= Rena Bakhshi =

Dutch computer scientist and mathematician

Rena Bakhshi (born 1981) is a Dutch computer scientist and mathematician and programme manager for the Netherlands eScience Center's natural sciences and engineering domain.

== Life and work ==
Bakhshi holds two master’s degrees. The first is in Applied Mathematics from Baku State University in Azerbaijan and the second in Computer Science from KTH Royal Institute of Technology in Stockholm. In 2011, she went on to receive a PhD in Theoretical Computer Science from Vrije Universiteit Amsterdam (VU) for which she studied formal modelling and analysis of large-scale stochastic systems under the supervision of Willem Jan (Wan) Fokkink and Maarten R. van Steen. She advised at least one student, Suhail Yousaf.

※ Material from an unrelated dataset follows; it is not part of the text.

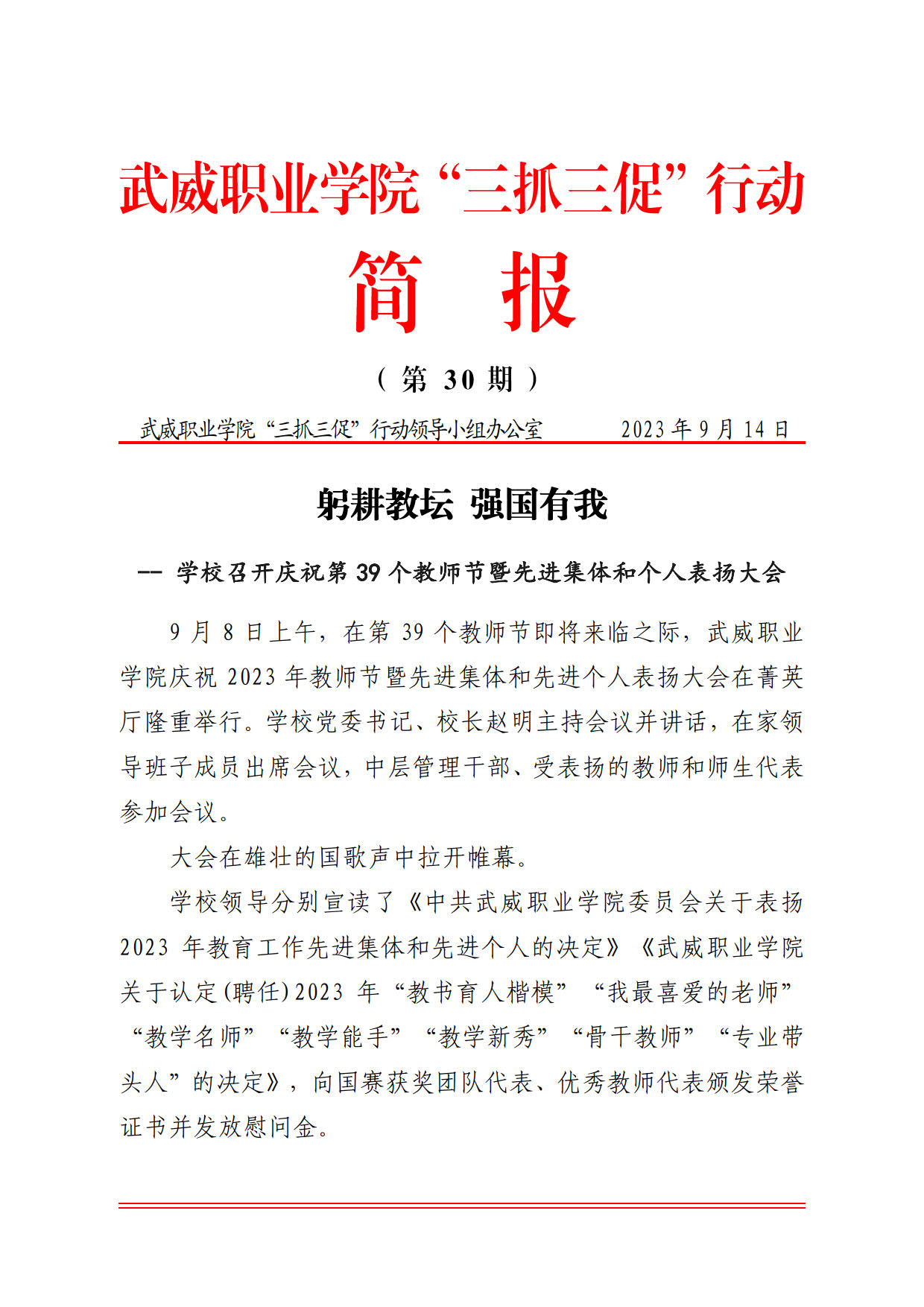 簡(jiǎn)報(bào)第30期 躬耕教壇 強(qiáng)國(guó)有我

She took on postdoctoral positions as a fellow and Assistant Professor at VU, as well as Research Visitor at Australia's NICTA Sydney and University of Melbourne on large-scale complex systems, which included several interdisciplinary projects.

In 2016, Bakhshi joined the Netherlands eScience Center in Amsterdam to coordinate its climate science and physics projects. Since June 2021, she has served as the organization's Programme Manager for the Natural Sciences and Engineering domain.

She has published academic papers in computer science and mathematical logic and foundations.